**Work required**. Give back all of the data exactly, with every picture omitted.

**Supplied information**.
--------------------
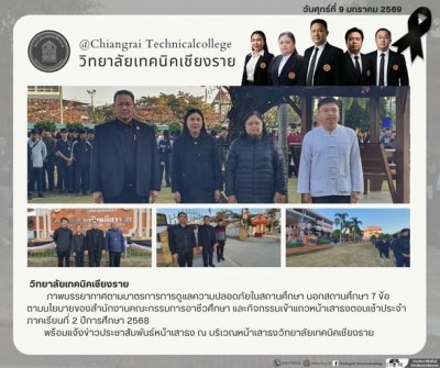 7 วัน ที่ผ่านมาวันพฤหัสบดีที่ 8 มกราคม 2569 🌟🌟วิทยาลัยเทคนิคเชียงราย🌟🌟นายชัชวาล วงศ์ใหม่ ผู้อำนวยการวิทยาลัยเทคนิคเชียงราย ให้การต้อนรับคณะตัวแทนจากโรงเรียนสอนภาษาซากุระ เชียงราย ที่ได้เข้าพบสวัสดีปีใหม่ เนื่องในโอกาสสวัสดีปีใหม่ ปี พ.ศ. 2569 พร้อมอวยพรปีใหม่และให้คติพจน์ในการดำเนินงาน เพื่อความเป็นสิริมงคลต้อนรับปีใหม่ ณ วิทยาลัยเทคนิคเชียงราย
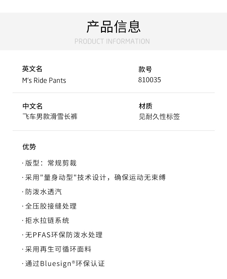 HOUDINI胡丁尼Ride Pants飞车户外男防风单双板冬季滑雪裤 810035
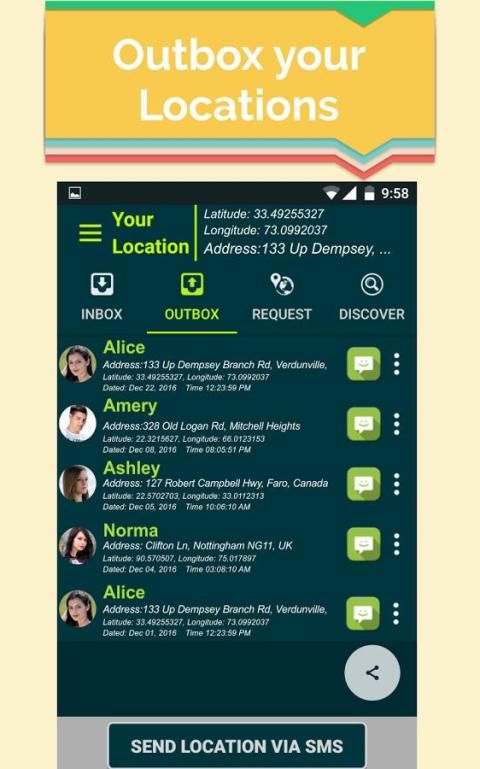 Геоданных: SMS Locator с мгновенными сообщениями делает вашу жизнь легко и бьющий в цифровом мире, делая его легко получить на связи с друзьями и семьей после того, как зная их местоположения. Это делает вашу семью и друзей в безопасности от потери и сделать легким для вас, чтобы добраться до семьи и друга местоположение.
--------------------
**Solution for this problem**.
 7 วัน ที่ผ่านมาวันพฤหัสบดีที่ 8 มกราคม 2569 🌟🌟วิทยาลัยเทคนิคเชียงราย🌟🌟นายชัชวาล วงศ์ใหม่ ผู้อำนวยการวิทยาลัยเทคนิคเชียงราย ให้การต้อนรับคณะตัวแทนจากโรงเรียนสอนภาษาซากุระ เชียงราย ที่ได้เข้าพบสวัสดีปีใหม่ เนื่องในโอกาสสวัสดีปีใหม่ ปี พ.ศ. 2569 พร้อมอวยพรปีใหม่และให้คติพจน์ในการดำเนินงาน เพื่อความเป็นสิริมงคลต้อนรับปีใหม่ ณ วิทยาลัยเทคนิคเชียงราย
 HOUDINI胡丁尼Ride Pants飞车户外男防风单双板冬季滑雪裤 810035
 Геоданных: SMS Locator с мгновенными сообщениями делает вашу жизнь легко и бьющий в цифровом мире, делая его легко получить на связи с друзьями и семьей после того, как зная их местоположения. Это делает вашу семью и друзей в безопасности от потери и сделать легким для вас, чтобы добраться до семьи и друга местоположение.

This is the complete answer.